WORK TASK =>
Retype exactly what appears below from the line containing "Ситуация с реальными" down to the line containing "как выглядит Polo", keeping both end lines. Do not include pictures.

RECORDS SHOWN =>
* * * * * * *
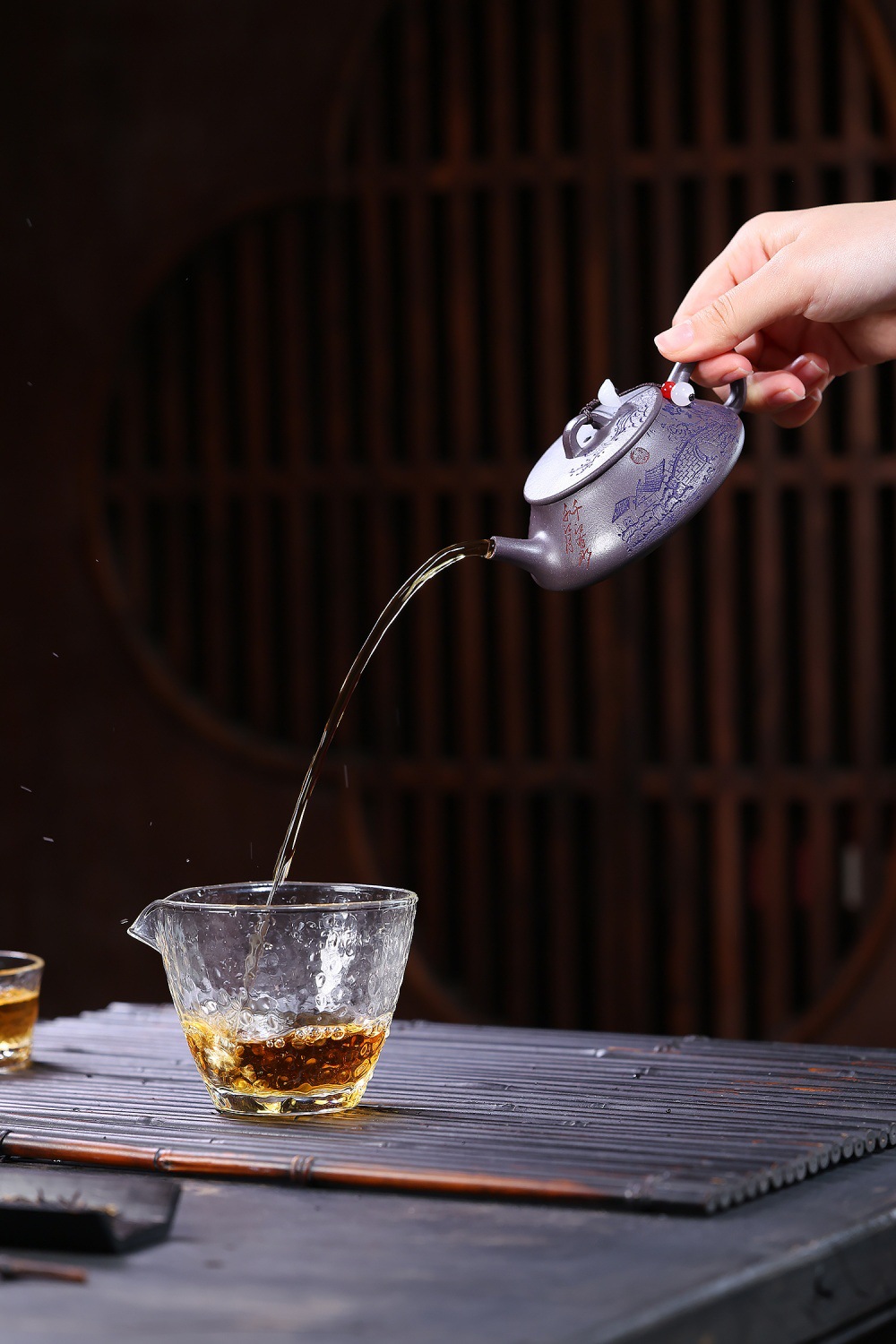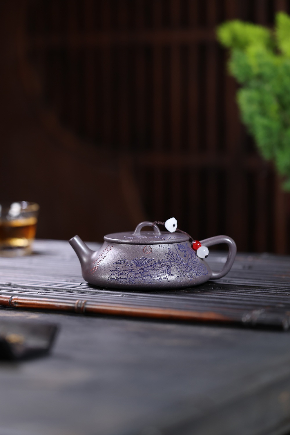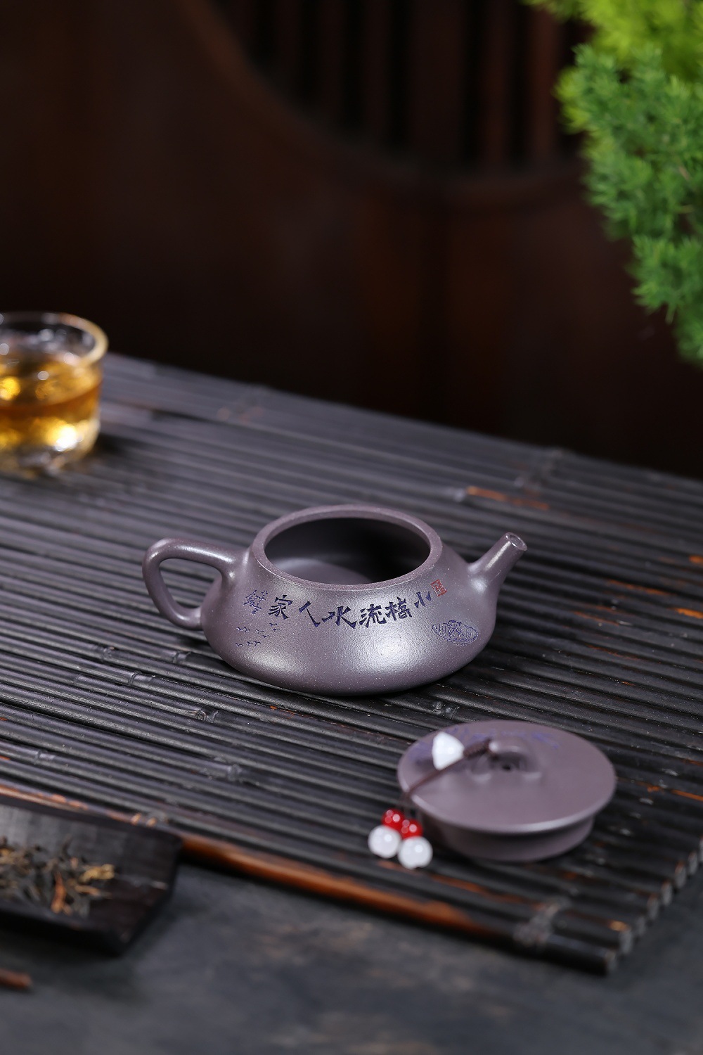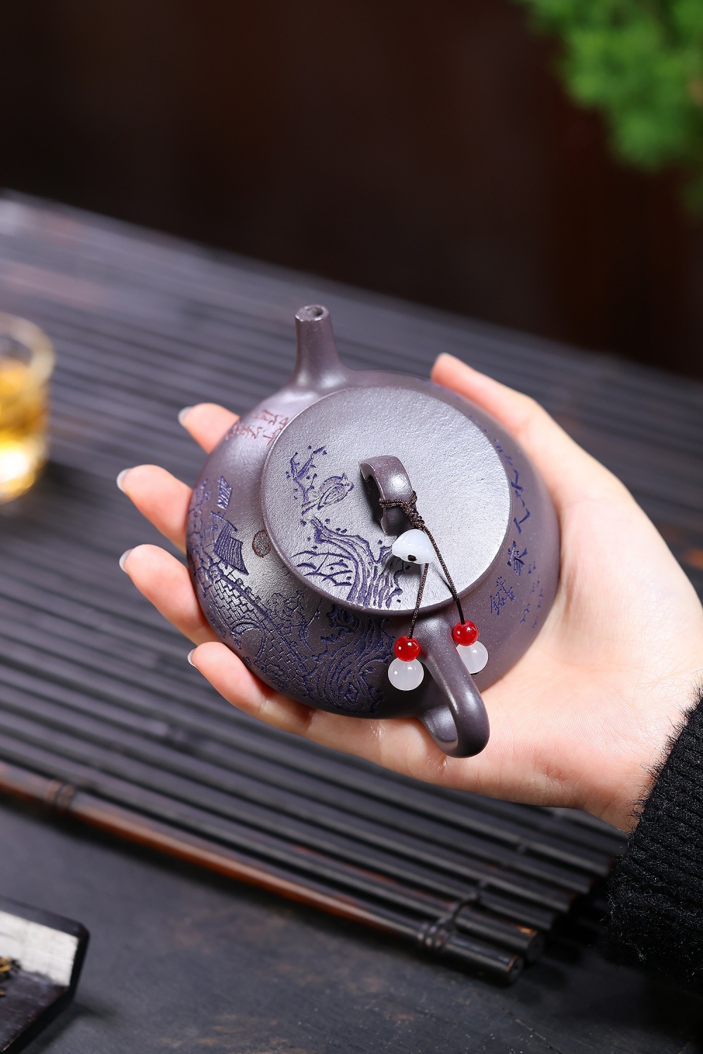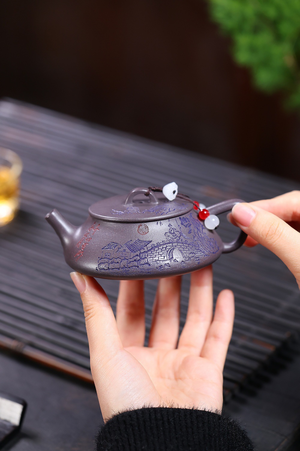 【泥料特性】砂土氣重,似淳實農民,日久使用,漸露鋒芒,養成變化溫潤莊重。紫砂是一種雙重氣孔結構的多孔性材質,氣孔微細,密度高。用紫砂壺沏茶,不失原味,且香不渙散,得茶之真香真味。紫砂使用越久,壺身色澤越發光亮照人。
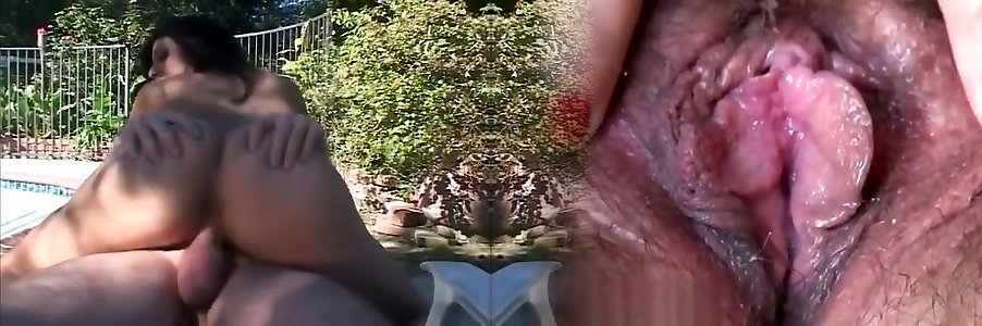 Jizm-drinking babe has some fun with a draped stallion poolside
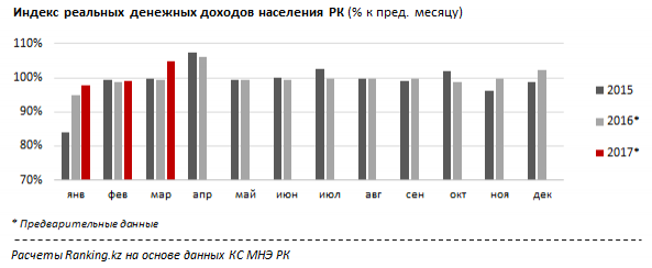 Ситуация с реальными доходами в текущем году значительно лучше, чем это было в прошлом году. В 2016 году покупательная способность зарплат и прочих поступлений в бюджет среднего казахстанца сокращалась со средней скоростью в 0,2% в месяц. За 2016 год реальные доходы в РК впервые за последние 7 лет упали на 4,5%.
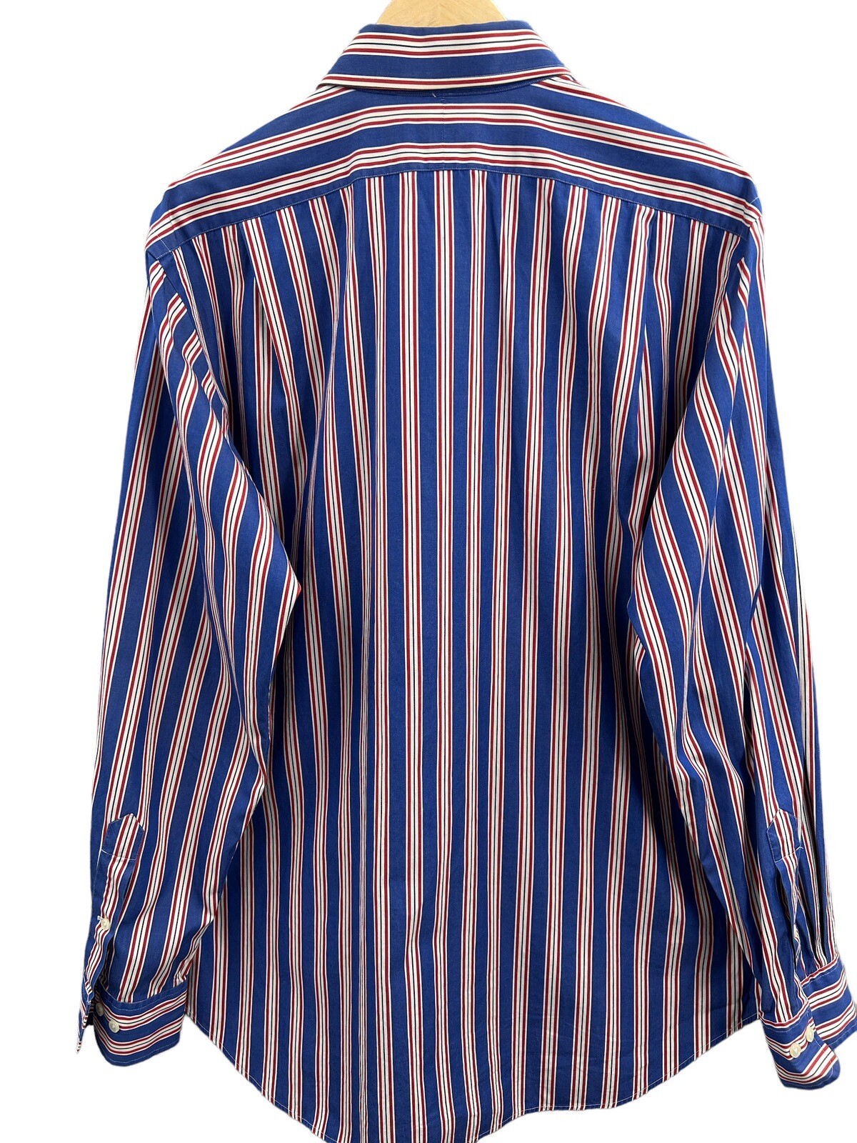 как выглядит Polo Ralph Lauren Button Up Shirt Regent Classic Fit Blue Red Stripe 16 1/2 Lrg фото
* * * * * * *
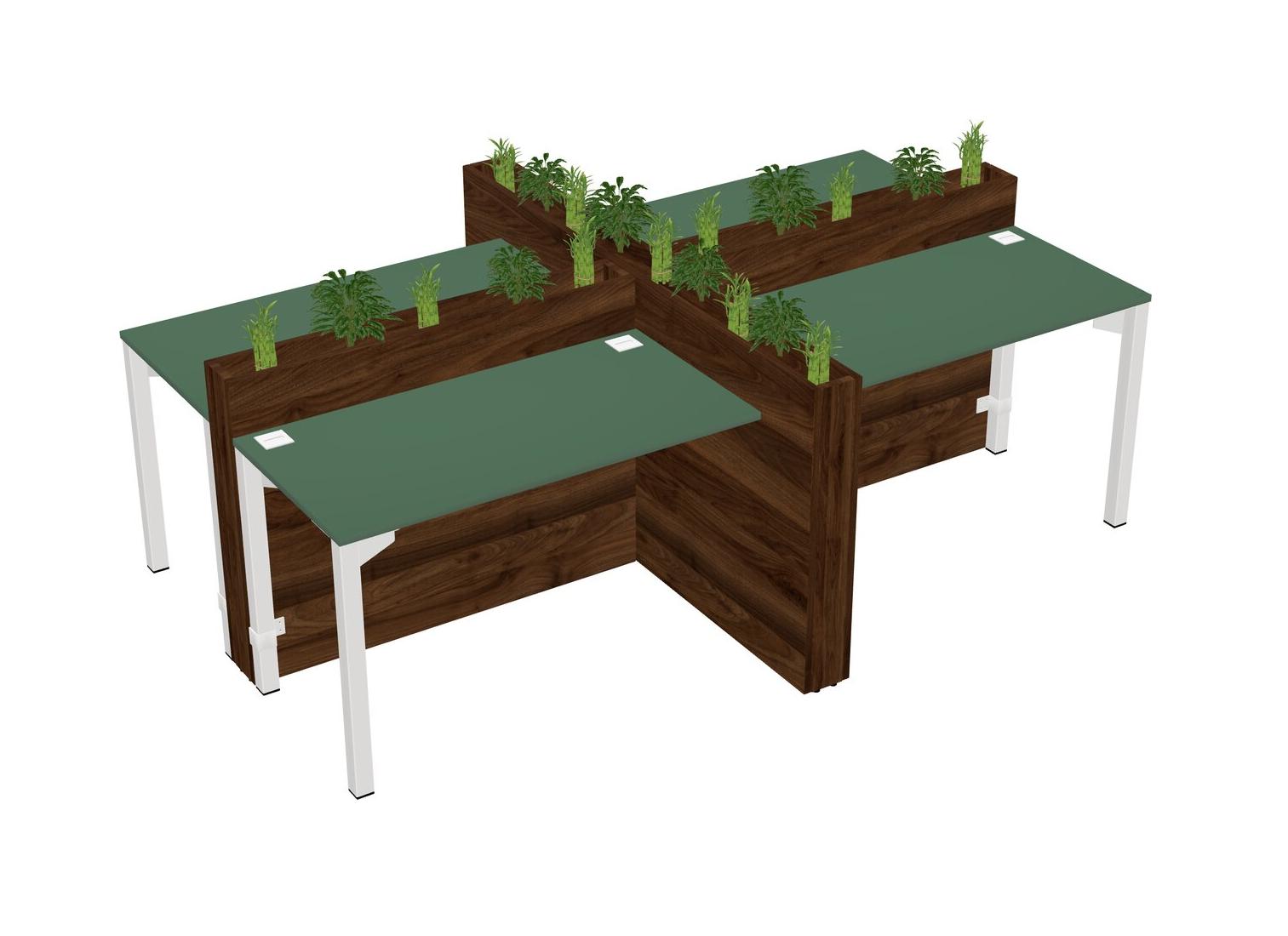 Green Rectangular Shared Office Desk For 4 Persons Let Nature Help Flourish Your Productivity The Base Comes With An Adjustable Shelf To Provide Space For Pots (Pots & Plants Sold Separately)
* * * * * * *
FINAL ANSWER =>
 Ситуация с реальными доходами в текущем году значительно лучше, чем это было в прошлом году. В 2016 году покупательная способность зарплат и прочих поступлений в бюджет среднего казахстанца сокращалась со средней скоростью в 0,2% в месяц. За 2016 год реальные доходы в РК впервые за последние 7 лет упали на 4,5%.
 как выглядит Polo Ralph Lauren Button Up Shirt Regent Classic Fit Blue Red Stripe 16 1/2 Lrg фото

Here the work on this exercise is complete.